RECORDS FOR THIS EXERCISE below:

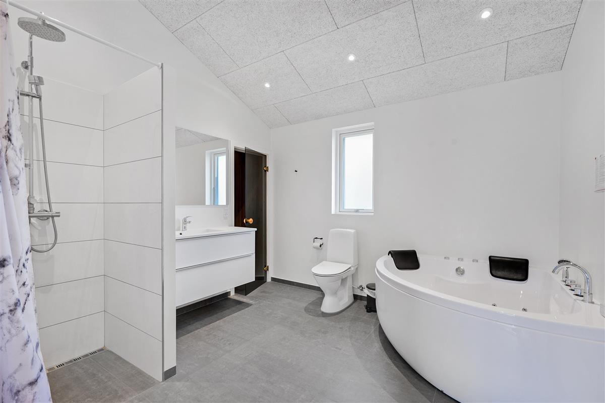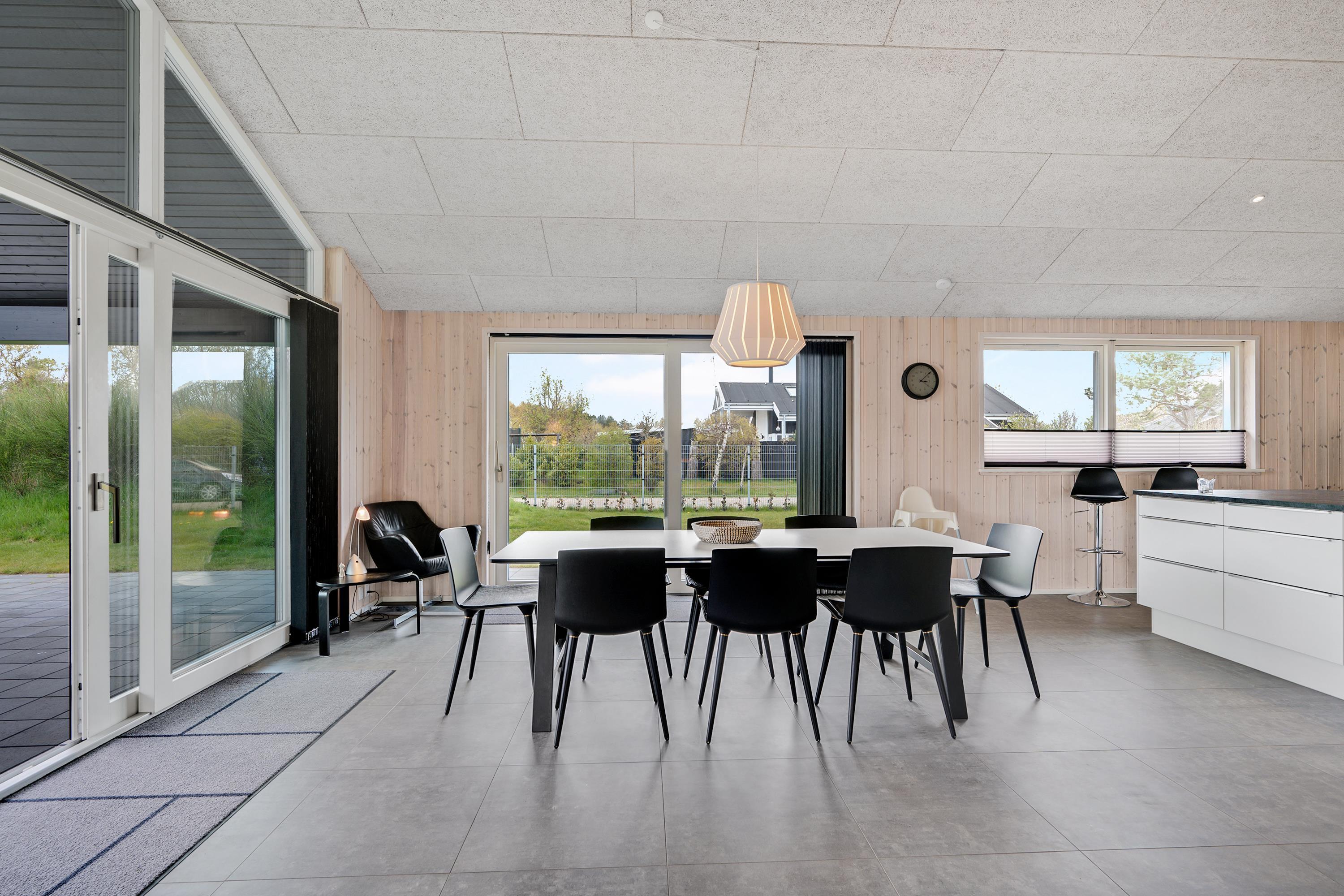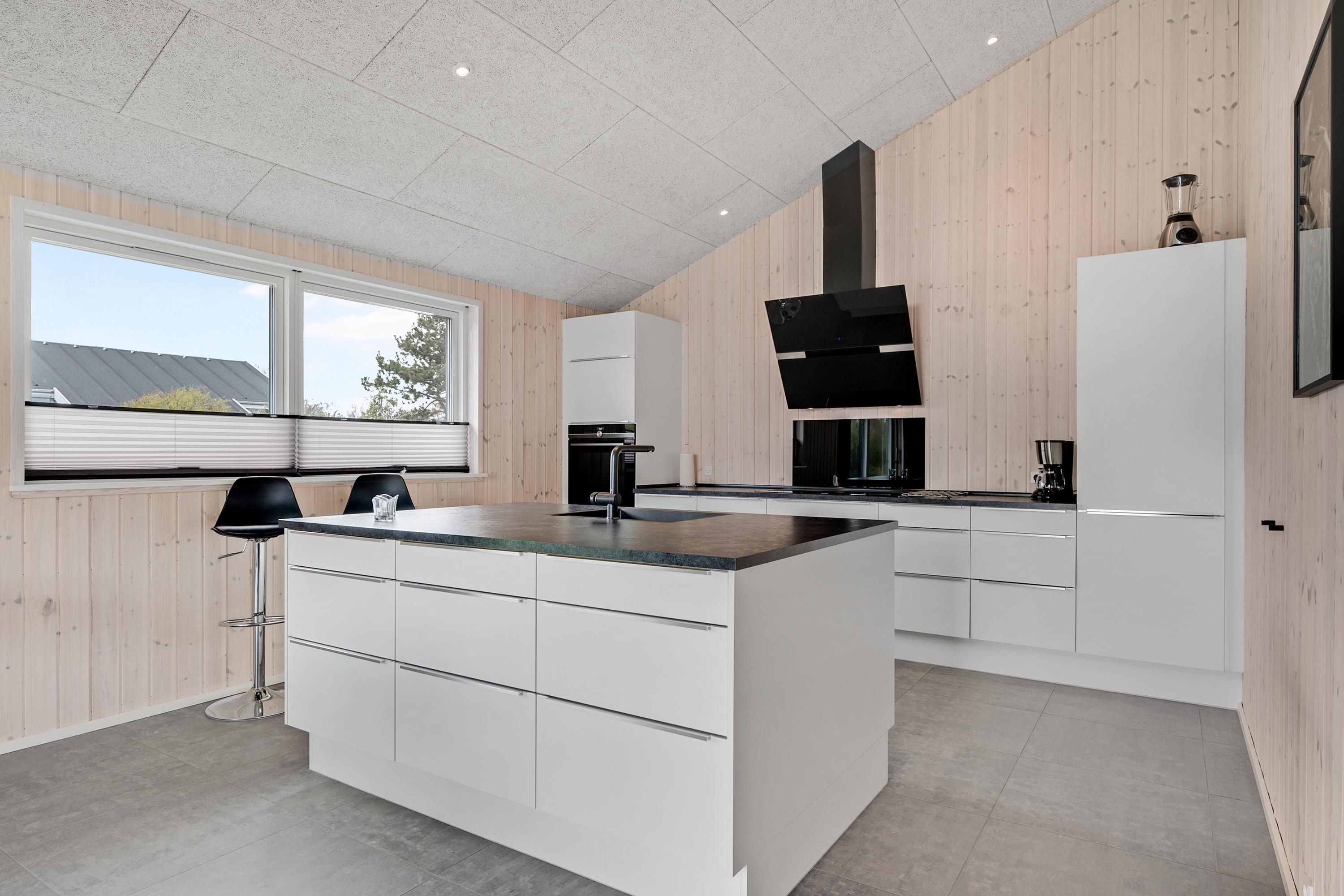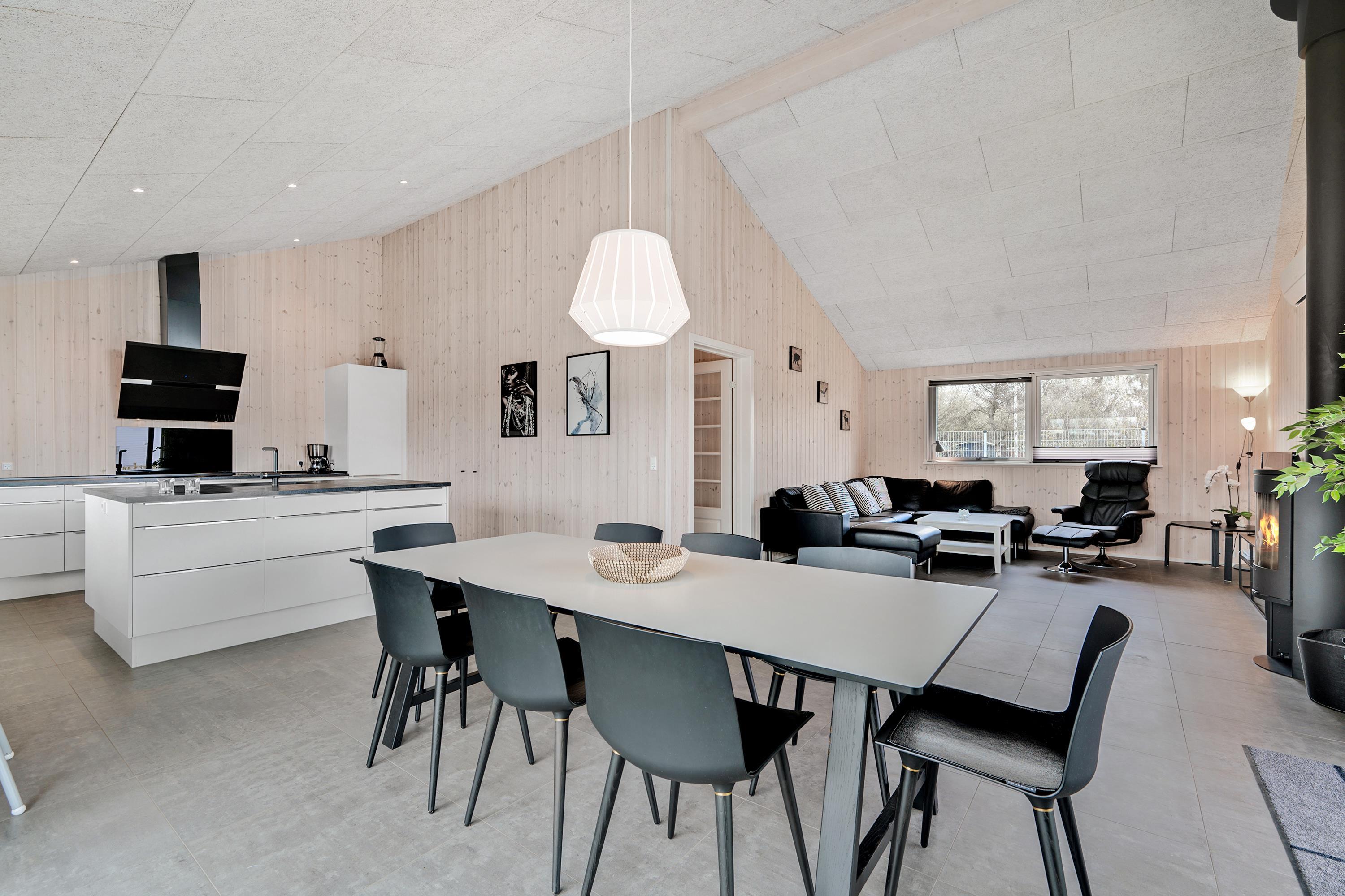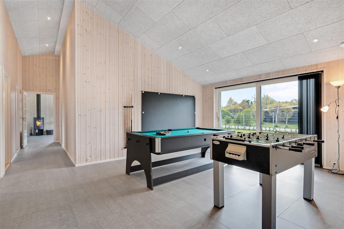 The entire house is open to the ridge with a high ceiling, contributing to the feeling of plenty of space and light. The large living room is in open connection with the kitchen and has panoramic windows and access to the terrace. There is a dining area for 8 people, a wood stove, a comfortable seating area, and a TV with Danish (including TV2) and German channels. A truly luxurious and well-designed kitchen with induction hobs, built-in oven, fridge/freezer, dishwasher, and microwave. As part of the hallway, there is a large activity/multi-room with a pool table and table football. The house's 8 sleeping places are distributed among 4 lovely, bright bedrooms – 2 with double beds and 2 with 2 single beds. Large, really nice bathroom with a shower, jacuzzi, and sauna, as well as a slightly smaller bathroom with a shower. There is underfloor heating in both wet rooms. In the large entrance hall, there is also a washing machine and a dryer. Internet access i available.
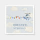 Feiern Sie den ersten Geburtstag Ihres kleinen Jungen mit diesen niedlichen Papierservieren zum Thema Flugreisen, in denen ein Wolf einen Hubschrauber mit farbenfrohen bunten Wolken und weichen Wasserfarbenwolken fliegt. Personalisieren Sie den Text, um Ihre Party-Daten Anzug.
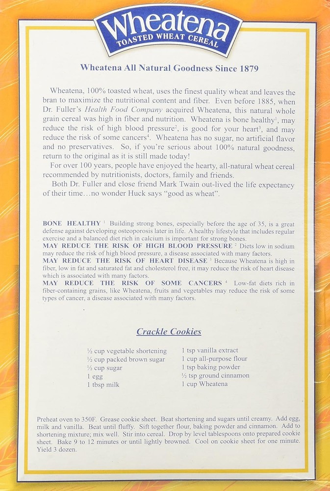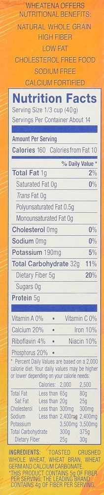 Wheatena Toasted Hot Wheat Cereal 20 oz Pack of 6 20 Ounce (Pack 6) Product Details Is Discontinued By Manufacturer : No Package Dimensions : 15.71 x 7.91 x 4.17 inches; 1.25 Pounds UPC : 05 Manufacturer : Homestat Farm Ltd Units : 120.0 Ounce Brand: Wheatena Flavor: Toasted Hot Age Range (Description): Adult Item Form: Flaked Specialty: Whole Grain Wheatena is 100% All Natural Toasted Whole Wheat With 25% More fiber than the leading brand of hot cereal Excellent Source of Calcium, Fiber, Iron And Protein As Well As Other Vitamins & Minerals Wheatena is a versatile grain that can be easily added to your favorite recipes such as muffins, quick breads, stuffing and other side dishes. It increases the fiber and nutritional value without adding cholesterol. Wheatena Toasted Wheat Cereal Includes 6-20 oz Boxes, total of 120 Ounces OU Parve NON GMO Salt Free Zero Trans Fat Wheatena Toasted Hot Wheat Cereal 20 oz Pack of 6
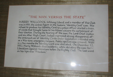 National Liberal Club panel about Harry WillcockHARRY WILLCOCK, lifelong Liberal and a member of this Club, was, in 1951, the central figure in the historic “Identity Card” case. His refusal to produce his Identity Card to a police officer started a train of events that brought home to his fellow-citizens the curtailment their liberties. During the hearing of the case. the Lord Chief Justice and six other High Court Judges expressed strong disapproval of the continued use of Identity Cards under legislation intended only as a War-time emergency measure. Public opinion was aroused. Within a few months the Identity Card was abolished. On December 12, 1952, Harry Willcock died suddenly, while debating the case Liberalism against Socialism before the Eighty Club. The last word on his lips was “Freedom”.
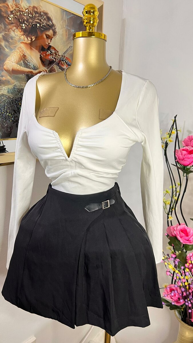 Découvrez cette jupe plissée noire élégante, parfaite pour un look trendy et sophistiqué. Fabriquée avec des matériaux de qualité, elle assure confort et style. Idéale pour les sorties, le bureau ou les rendez-vous. Associez-la à des tops variés pour une tenue chic et personnalisée.
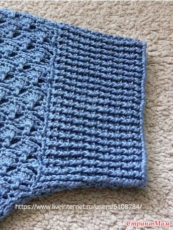 Вяжется снизу вверх, на 4.5 см (2 раппорта) короче спинки.
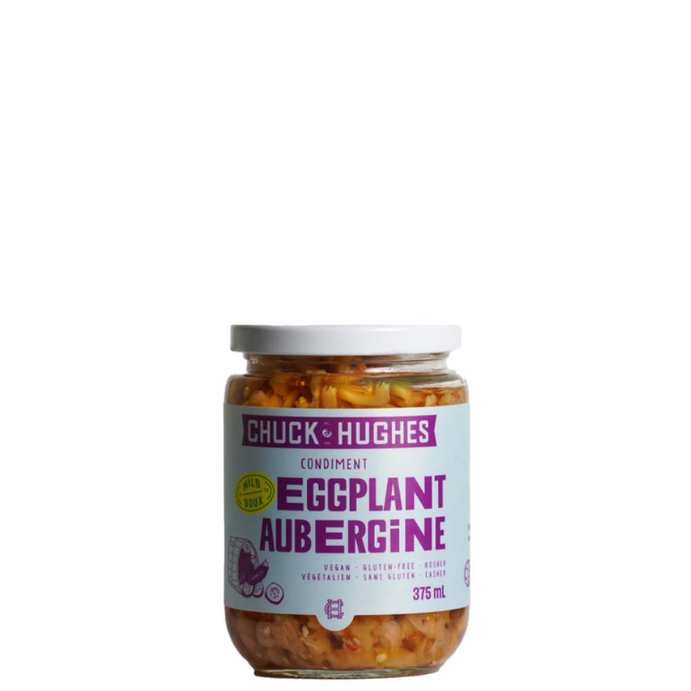 Chuck Hughes Mild Eggplant Condiment brings the smoky richness of eggplant without the heat — great for dips or pasta.

End of RECORDS FOR THIS EXERCISE.

◆ WHAT THE EXERCISE ASKS
Nothing but an exact copy is asked for: the lines from the start of the records through the line with "Feiern Sie den", both ends included, minus any pictures.

◆ EXPECTED ANSWER
 The entire house is open to the ridge with a high ceiling, contributing to the feeling of plenty of space and light. The large living room is in open connection with the kitchen and has panoramic windows and access to the terrace. There is a dining area for 8 people, a wood stove, a comfortable seating area, and a TV with Danish (including TV2) and German channels. A truly luxurious and well-designed kitchen with induction hobs, built-in oven, fridge/freezer, dishwasher, and microwave. As part of the hallway, there is a large activity/multi-room with a pool table and table football. The house's 8 sleeping places are distributed among 4 lovely, bright bedrooms – 2 with double beds and 2 with 2 single beds. Large, really nice bathroom with a shower, jacuzzi, and sauna, as well as a slightly smaller bathroom with a shower. There is underfloor heating in both wet rooms. In the large entrance hall, there is also a washing machine and a dryer. Internet access i available.
 Feiern Sie den ersten Geburtstag Ihres kleinen Jungen mit diesen niedlichen Papierservieren zum Thema Flugreisen, in denen ein Wolf einen Hubschrauber mit farbenfrohen bunten Wolken und weichen Wasserfarbenwolken fliegt. Personalisieren Sie den Text, um Ihre Party-Daten Anzug.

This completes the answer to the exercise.